Marcelina Zawadzka przez wiele lat pracowała w modelingu. Choć mogłoby się wydawać, że to praca lekka, łatwa i przyjemna, to niestety wiążę się ona z wieloma wyrzeczeniami. Wielokrotnie zmuszona była słuchać negatywnych opinii na temat swojego wyglądu, przez co nie potrafiła się z niego cieszyć. W najnowszym wywiadzie dla "Faktu" zdradziła, co było jej największym kompleksem.
Marcelina Zawadzka
W akceptacji swojego ciała Zawadzkiej z pewnością pomógł jej ukochany.
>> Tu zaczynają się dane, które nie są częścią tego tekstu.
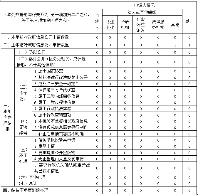 三、收到和处理政府信息公开申请情况

Maxa Gloecknera modelka uważa za miłość swojego życia.
Kariera i życie prywatne Marceliny Zawadzkiej
W 2015 roku Zawadzkaq nawiązała współpracę z Telewizją Polską. Prowadziła takie programy jak "Pytanie na śniadanie", "Lajk" czy "The Voice of Poland". Wzięła także udział w "Tańcu z gwiazdami" i "Dance Dance Dance". Potem po głośniej aferze z oszustwami podatkowymi celebrytka odeszła z telewizji. Jednak nie na długo. Teraz można ją zobaczyć w roli gospodyni nowej produkcji Polsatu pt. "Farma".
Karierę Marceliny Zawadzkiej na bieżąco śledzą jej fani. Profil modelki na Instagramie obecnie obserwuje ponad 645 tys. użytkowników, z którymi pozostaje w nieustannym kontakcie. Pomimo tego nie należy do grona osób, które chętnie dzielą się kadrami ze swojego życia prywatnego. Jakiś czas temu zrobiła wyjątek i otworzyła się przed fanami. Celebrytka opublikowała zdjęcie ze swoim ukochanym, ujawniając tym samym, kto jest jej nowym wybrankiem.
"Wszystkiego najlepszego z okazji Dnia Chłopaka. W szczególności dla tego jedynego, najważniejszego i ulubionego. Cieszę się, że spotkałam Cię na mojej drodze" – napisała w opisie do serii zdjęć z Maxem Gloecknerem.
Partner Zawadzkiej jest niemieckim influencerem i przedsiębiorcą. Prowadzi firmę dystrybuującą urządzenia mobilne. Spełnia się także w roli dyrektora zarządzającego przedsiębiorstwem, które zajmuje się rynkiem nieruchomości w Tajlandii.